■ Assignment
In the entries below, find the line with "- 同時可整合EIP平台內部待辦事項資訊,如: 行事曆行程、會議行程、工作任務分派等" and the line with "whereby is the"; reproduce those two lines and all lines between them exactly, without pictures.

■ Data records
============================================================

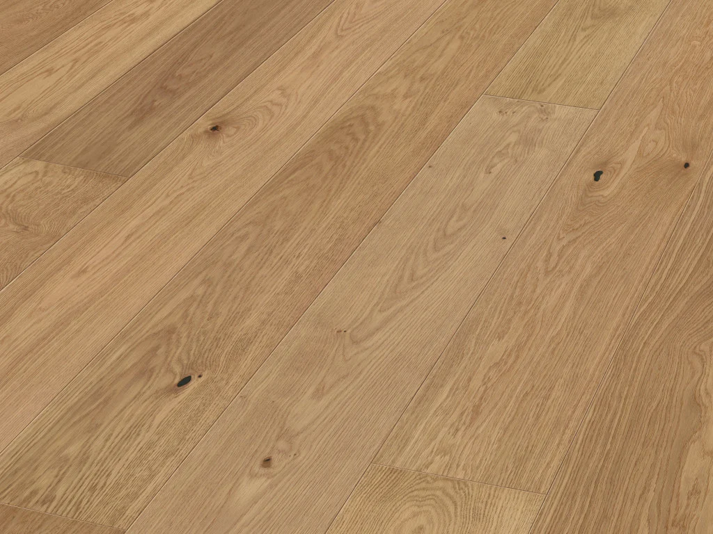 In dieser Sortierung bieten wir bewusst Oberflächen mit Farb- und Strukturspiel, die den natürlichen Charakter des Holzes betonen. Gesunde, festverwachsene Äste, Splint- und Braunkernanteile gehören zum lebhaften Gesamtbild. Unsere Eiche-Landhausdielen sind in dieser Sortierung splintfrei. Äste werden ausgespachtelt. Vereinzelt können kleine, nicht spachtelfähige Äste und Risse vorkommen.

============================================================

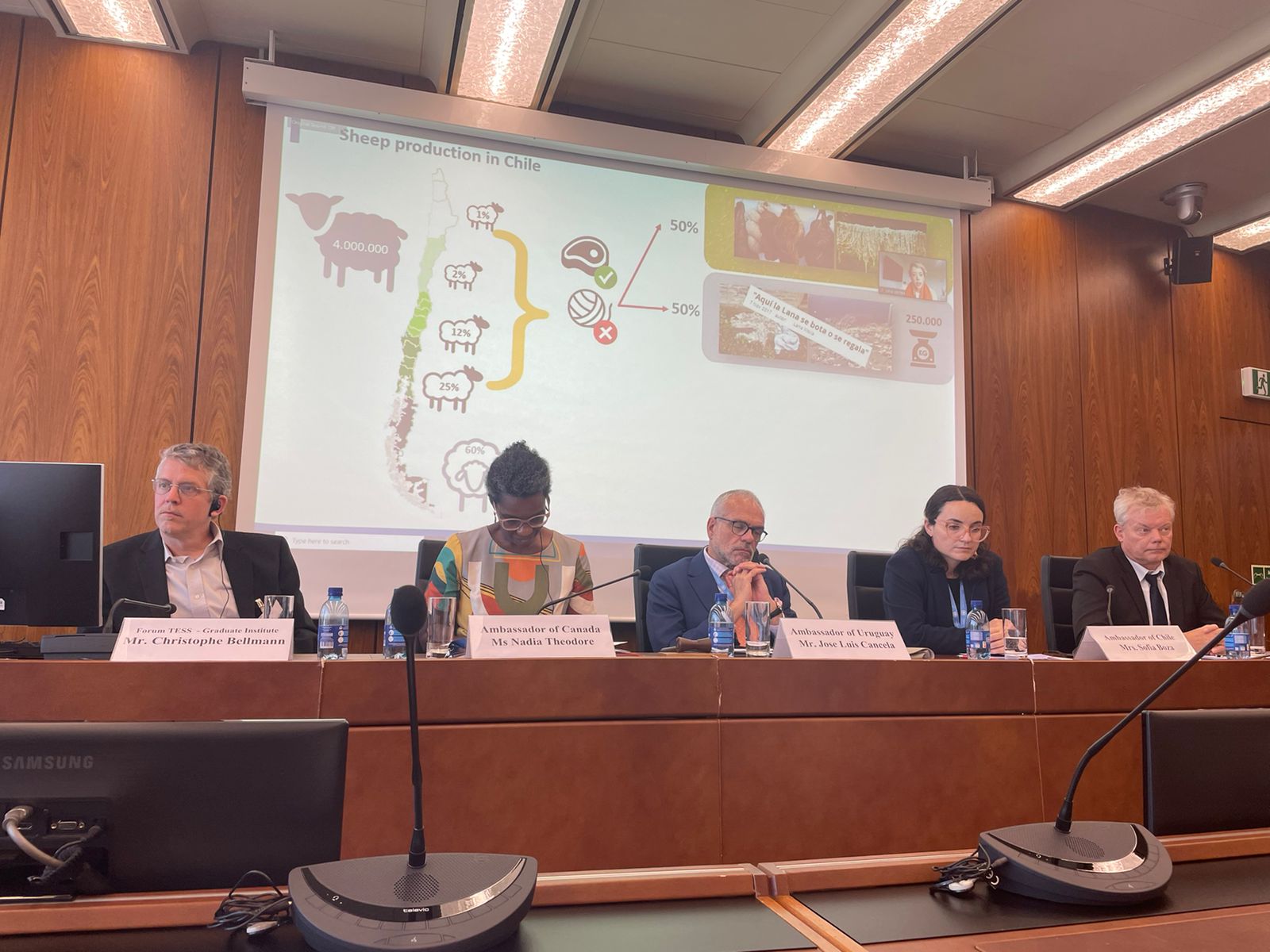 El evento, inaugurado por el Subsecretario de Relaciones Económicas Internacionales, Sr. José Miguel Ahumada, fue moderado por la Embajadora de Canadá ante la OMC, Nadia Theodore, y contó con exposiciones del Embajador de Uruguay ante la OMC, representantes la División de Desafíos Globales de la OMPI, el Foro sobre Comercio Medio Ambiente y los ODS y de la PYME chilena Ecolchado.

============================================================

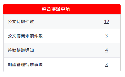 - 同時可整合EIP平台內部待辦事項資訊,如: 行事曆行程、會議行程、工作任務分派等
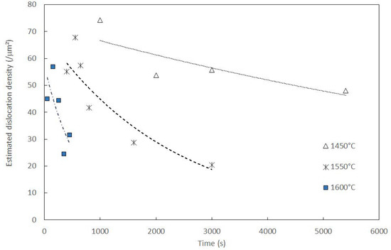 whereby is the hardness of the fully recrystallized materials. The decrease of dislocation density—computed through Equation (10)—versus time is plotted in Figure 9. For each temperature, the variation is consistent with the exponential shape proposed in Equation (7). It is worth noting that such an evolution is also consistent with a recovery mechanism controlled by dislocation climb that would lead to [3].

============================================================

■ Written reply
 - 同時可整合EIP平台內部待辦事項資訊,如: 行事曆行程、會議行程、工作任務分派等
 whereby is the hardness of the fully recrystallized materials. The decrease of dislocation density—computed through Equation (10)—versus time is plotted in Figure 9. For each temperature, the variation is consistent with the exponential shape proposed in Equation (7). It is worth noting that such an evolution is also consistent with a recovery mechanism controlled by dislocation climb that would lead to [3].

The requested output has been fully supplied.